The error in the dynamic model with a mesh density of 100 and the steady state model is 0.55%. This is an acceptable degree of error between the two models. The error in the dynamic model is reduced by 0.015% by increasing the population mesh from 100 to 200. The run time of the model is increased from about 2.5 minutes to around 15 minutes when increasing the mesh density from 100 to 200. For these reasons the mesh density was kept at 100 throughout the EPO gene doping tests.
The red blood cell feedback loop on EPO release from the kidneys was implemented to determine the dynamic effect of changing EPO concentration. The initial population of the mesh was varied to determine is the starting conditions had an effect on the final steady state. The initial mesh was set to 0, steady state values, a population of 1010 at each maturity point, and a population of 1011 at each maturity point. Negative populations were not considered.

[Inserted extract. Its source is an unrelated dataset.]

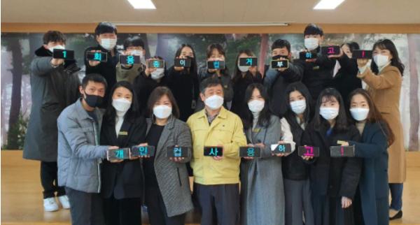 남병훈 교육장은 전찬걸 울진군수의 지명을 받아 1회용 종이컵 거부하고! 개인컵 사용하고! 라는 문구가 적힌 글자를 직원들과 함께 들고 있다. 다음 주자로는 영덕교육지원청교육장 최필순, 울진농협중앙회 지부장 김경열, 울진도서관장 지현주를 지명했다.
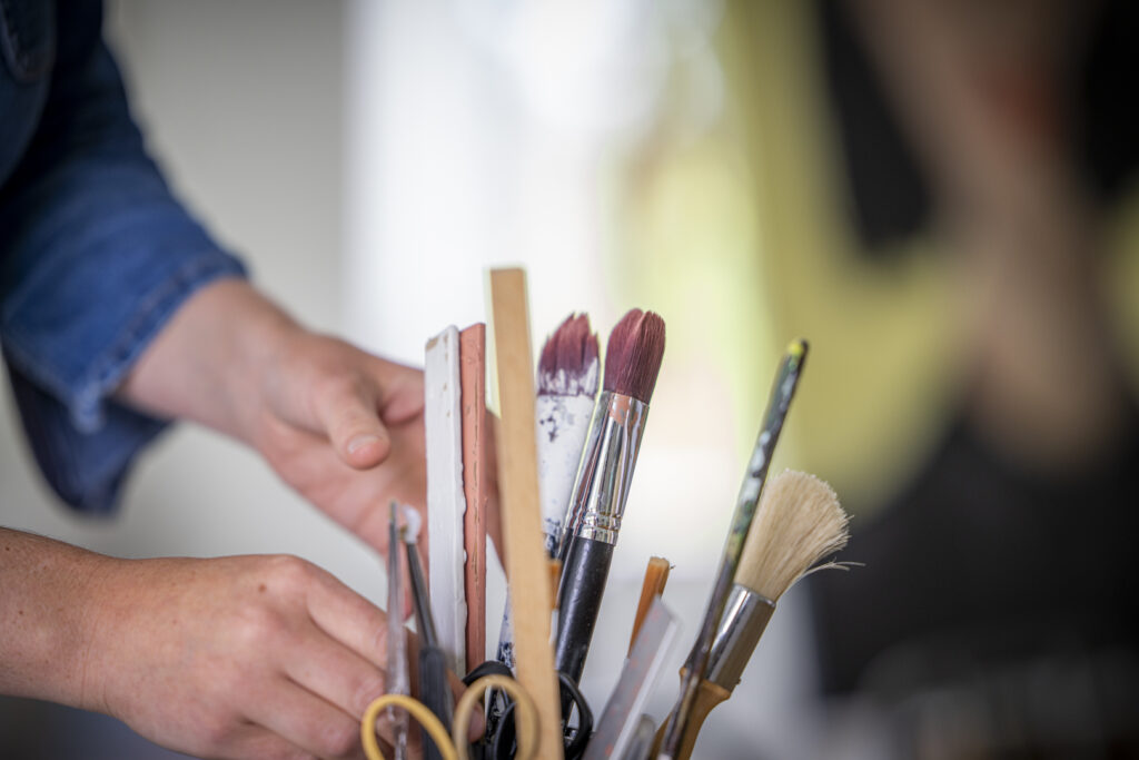 I værkstedet i Blommenslyst afholdes kurser og workshops, hvor du kan fordybe dig i form, teknik og materialer – og finde ro i et kreativt fællesskab.

For every initial population mesh, with the population density set to 100, the dynamic model reached a steady state of 24.59 trillion red blood cells. Due to the combination of feedback loops in the model, the red blood cell count will reach the same steady state regardless of the initial population in the mesh. To change the steady state of the dynamic model, the parameters in the feedback functions would need to be modified until a desired steady state red blood cell count is reached. This was not done in our model.